Tuesday, 17 September 2013

A Memory of Light - Chapters 29-32

In this section, the Great Captains are removed and Mat takes over everything.

The next chapters contain a bit of overlap, as we see closely-spaced events from several perspectives. Since they all concern the erratic behaviour of the Great Captains and the events on the field, they mesh together well, though they remain strongly plot-driven.

Lan investigates Agelmar’s tactics, and finds disturbing facts. Lan resolves the problem with dutiful competence. He doesn’t grow, he doesn’t learn, he simply applies what he already has, and solves the problem. Perhaps the fact that the solution is to admit defeat constitutes character development of a sort, but it feels much more like plot-driven necessity. The scene is perhaps most successful in how it sets up later expectations. Lan does not consider a final stand to fulfill his long-awaiting destiny to fall fighting the Shadow. He instead tries to save as many lives as he can with a hurried withdrawal, carrying on in the way he promised his Malkieri followers.

Mat scouts the battle with Tuon in tow. In true ta’veren fashion, he learns what he must do to save humanity, capturing a new damane and other followers in the process. The Seanchan captain won’t work out in the end though, if this paragraph follows the same type of symbolism used in earlier books: The Seanchan captain reminded him a little too much of Talmanes, and Mat had enough people following him about.

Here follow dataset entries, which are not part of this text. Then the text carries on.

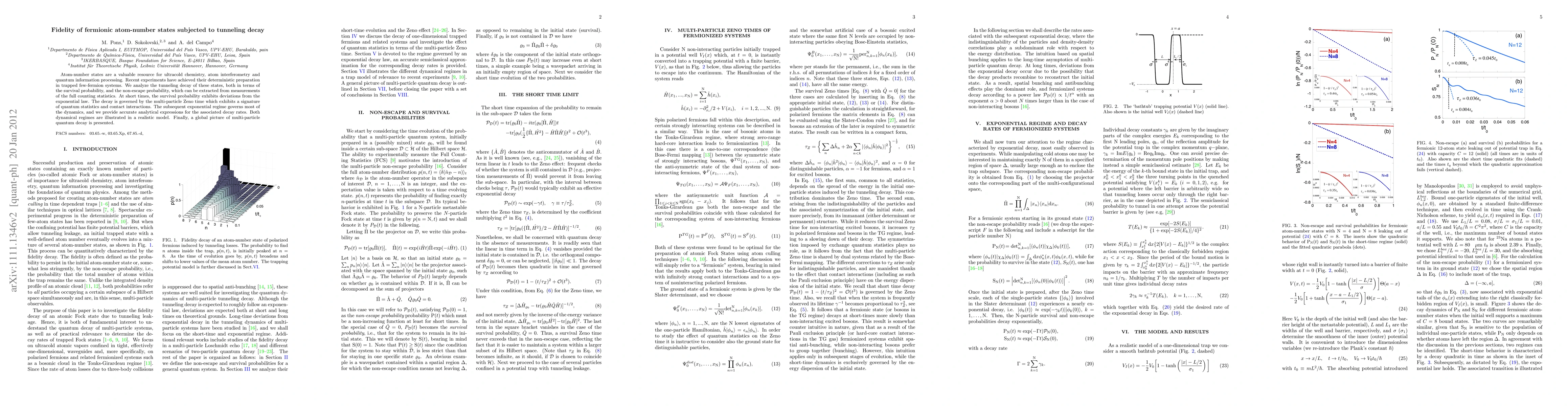 This paper investigates the tunneling decay of fermionic atom-number states in trapped few-fermion systems, revealing deviations from exponential decay at short times governed by the multi-particle Zeno time. It provides analytical expressions for decay rates and illustrates both dynamical regimes in a realistic model.
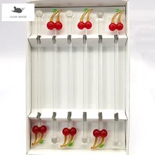 Quick hurry 6pcs Handmade glass Cherry design decor long handle glass cocktail stirring rod drink stirrers Swizzle Sticks Coffee Muddler Kitchen
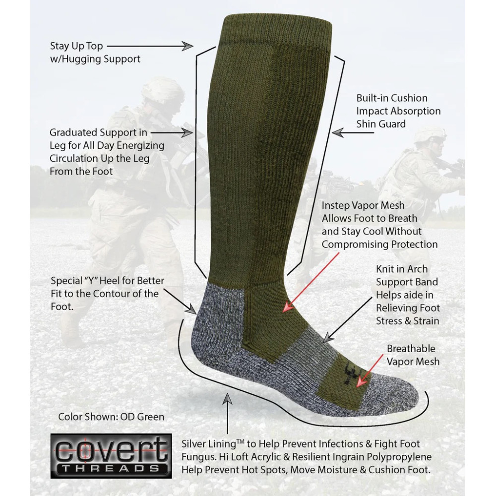 Військовий Hi-Speed носок спеціально розроблений для пересічної місцевості. Зокрема для довгих умов та важких навантажень, зберігає свою форму незважаючи на багатокілометрові кількаденні рейди, а також надає підтримку активізації м'язів. Висока стійкість подушки на шкарпетці у конкретних зонах удару, допомагає усунути їх наслідки, при ударі ніг об тверді поверхні. Silver Lining бореться із бактеріями протягом усього дня, щодня.
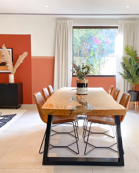 - Warm red shades add a vibrant and passionate touch to a room, creating a dynamic and energetic atmosphere, perfect for dining rooms, living rooms, and accent walls.

I wonder if he plays dice, Mat thought idly, stepping into the water. His boots were good, but all boots eventually leaked, and his feet squished inside his stocking as he walked across the ford with Pips. The way the author leaps forward with the action throughout the book makes it harder to tell if this set-up was intentional, but the section is so introspective I think it must be.  

The following sentences both succeed and fail to capture Mat’s personality: Any man who wanted to wield the One Power was already crazy, so far as Mat considered it. Adding more crazy to them would be like pouring tea into an already full cup. The physical analogy of an overflowing cup is common enough that readers easily identify it with a man who yearns for the simple life. His disdain for the men who channel saidin is equally well captured, consistent with his previous thoughts on the subject. Where the analogy fails, is that Mat rarely drinks tea, and tea has no association with erratic behaviour. A better choice to bring out Mat’s personality even more could have been to make the analogy with an alcoholic beverage, such as a cup of wine or a mug of beer. He speaks about his bedtime mug of ale only two pages later!

Perrin enlists Elyas to help stop Ituralde from sabotaging his own army in the waking world.

Rand’s leg slipped backward, and brushed the darkness behind, which waited like a pool of ink. A light brush is more effective than a plunge or other motion in conveying the danger.

Elayne’s army almost wins, having overcome Bashere’s treachery too late. She fires a final ball of flame to protect the Dragons, the symbol of human innovation. Almost as if summoned by her gesture, Logain’s Asha’man rally her forces and quickly devastate the Trolloc horde in a particularly inventive fashion. Androl leads the first ever circle of male and female channelers cooperating on a large scale. Differences are set aside in desperation, here as has happened elsewhere. Once control has been established, Elayne asserts that the Trollocs will be slaughtered down to the last one standing, lest they get up to havoc while she helps elsewhere.

Egwene has the hardest time of everyone accepting that her trusted general is a traitor. She finds that she trusts Mat more than even Bryne, despite his carefree ways. This is justified by her memories of his past actions, newly minted to reinforce that she knows his true heart despite staying an arm’s length from him for years. A couple of plot-driven reasons to trust also are invoked: he broke Bryne’s orders to the Seanchan cavalry to save many men, and he is the only one who they can be sure is under no Compulsion.

Assessing the situation, Mat decides to assemble all the Light’s forces in one location, close enough to the Shadow’s two main forces to draw them irresistibly into battle, before they can ravage elsewhere, or return to Thakan’dar. Displaying weakness should work, after all it was the Shadow who launched the initial attacks against humanity, putting them on the defensive. Rand used their desperate plight as cover for his own daring raid on Shayol Ghul, yet the Shadow must not be worried, as only a handful of Dreadlords and Graendal have intervened there. Perhaps keeping the good guys penned up just trying to survive is the minimum objective, as they would be powerless to help Rand. Who would benefit most of everyone just Traveled to Shayol Ghul?

Galad’s perspective is well-suited to state the blunt awful truth about how bad things are, and how much worse they are about to get. Tam and Elayne counter grim reality with hope, spreading the message that all must focus on what has been won, not what has been lost.

Writing Lessons:


Analogies must fit the character making them as well as the situation they describe.